RECORDED INFORMATION -
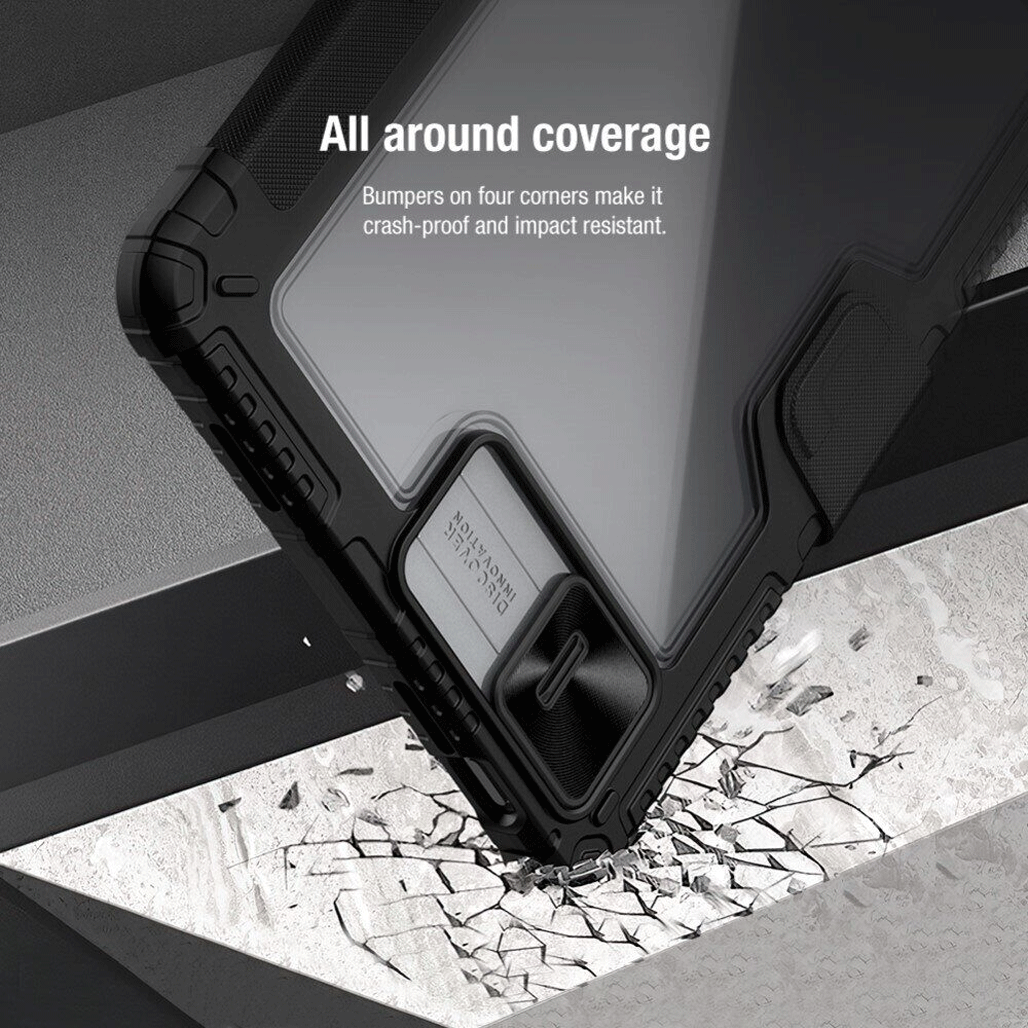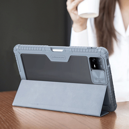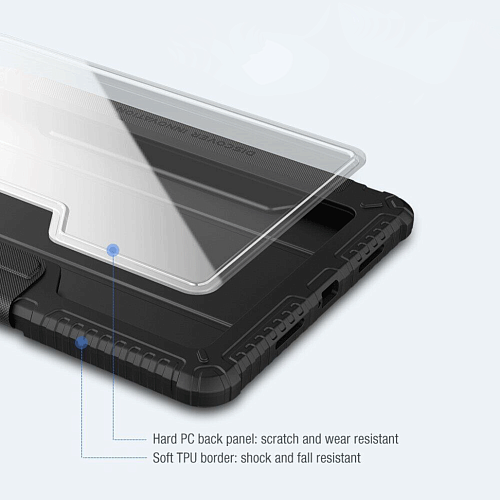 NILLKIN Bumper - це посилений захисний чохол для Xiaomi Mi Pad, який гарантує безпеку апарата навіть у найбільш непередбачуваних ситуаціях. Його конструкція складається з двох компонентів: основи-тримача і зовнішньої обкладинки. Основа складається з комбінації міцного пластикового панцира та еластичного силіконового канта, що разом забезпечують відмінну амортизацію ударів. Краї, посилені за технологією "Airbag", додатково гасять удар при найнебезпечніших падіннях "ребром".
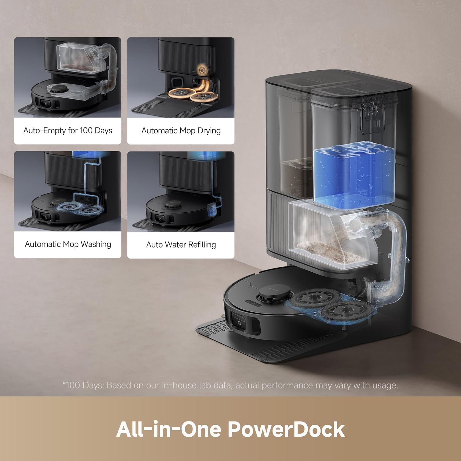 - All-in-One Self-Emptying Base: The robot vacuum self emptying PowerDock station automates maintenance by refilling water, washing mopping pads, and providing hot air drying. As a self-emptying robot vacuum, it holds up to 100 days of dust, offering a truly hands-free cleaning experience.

---

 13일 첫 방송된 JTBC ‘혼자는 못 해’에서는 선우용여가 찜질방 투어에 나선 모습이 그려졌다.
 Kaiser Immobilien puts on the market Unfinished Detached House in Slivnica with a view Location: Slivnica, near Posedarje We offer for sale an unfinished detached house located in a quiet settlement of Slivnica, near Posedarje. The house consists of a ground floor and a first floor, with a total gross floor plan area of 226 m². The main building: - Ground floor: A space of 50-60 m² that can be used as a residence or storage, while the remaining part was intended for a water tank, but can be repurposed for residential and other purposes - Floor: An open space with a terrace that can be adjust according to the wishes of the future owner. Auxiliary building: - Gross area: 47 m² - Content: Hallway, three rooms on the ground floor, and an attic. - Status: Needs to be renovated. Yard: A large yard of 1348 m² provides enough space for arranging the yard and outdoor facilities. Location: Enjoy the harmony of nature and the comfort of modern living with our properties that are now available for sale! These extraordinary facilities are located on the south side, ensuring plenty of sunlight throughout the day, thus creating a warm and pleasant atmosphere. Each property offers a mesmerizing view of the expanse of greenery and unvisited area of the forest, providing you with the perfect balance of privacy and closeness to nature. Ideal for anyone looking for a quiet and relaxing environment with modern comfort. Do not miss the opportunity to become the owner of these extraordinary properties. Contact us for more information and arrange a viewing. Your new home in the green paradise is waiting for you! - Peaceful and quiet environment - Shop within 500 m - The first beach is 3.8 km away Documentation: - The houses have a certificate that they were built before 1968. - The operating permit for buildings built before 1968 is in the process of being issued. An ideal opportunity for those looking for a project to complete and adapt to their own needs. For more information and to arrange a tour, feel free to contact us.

WHAT YOU HAVE TO DO - The data above holds the lines to copy: start at the one with "NILLKIN Bumper - це", stop at the one with "- All-in-One Self-Emptying", include both, copy them exactly without pictures, and copy nothing else.

YOUR RESPONSE -
 NILLKIN Bumper - це посилений захисний чохол для Xiaomi Mi Pad, який гарантує безпеку апарата навіть у найбільш непередбачуваних ситуаціях. Його конструкція складається з двох компонентів: основи-тримача і зовнішньої обкладинки. Основа складається з комбінації міцного пластикового панцира та еластичного силіконового канта, що разом забезпечують відмінну амортизацію ударів. Краї, посилені за технологією "Airbag", додатково гасять удар при найнебезпечніших падіннях "ребром".
 - All-in-One Self-Emptying Base: The robot vacuum self emptying PowerDock station automates maintenance by refilling water, washing mopping pads, and providing hot air drying. As a self-emptying robot vacuum, it holds up to 100 days of dust, offering a truly hands-free cleaning experience.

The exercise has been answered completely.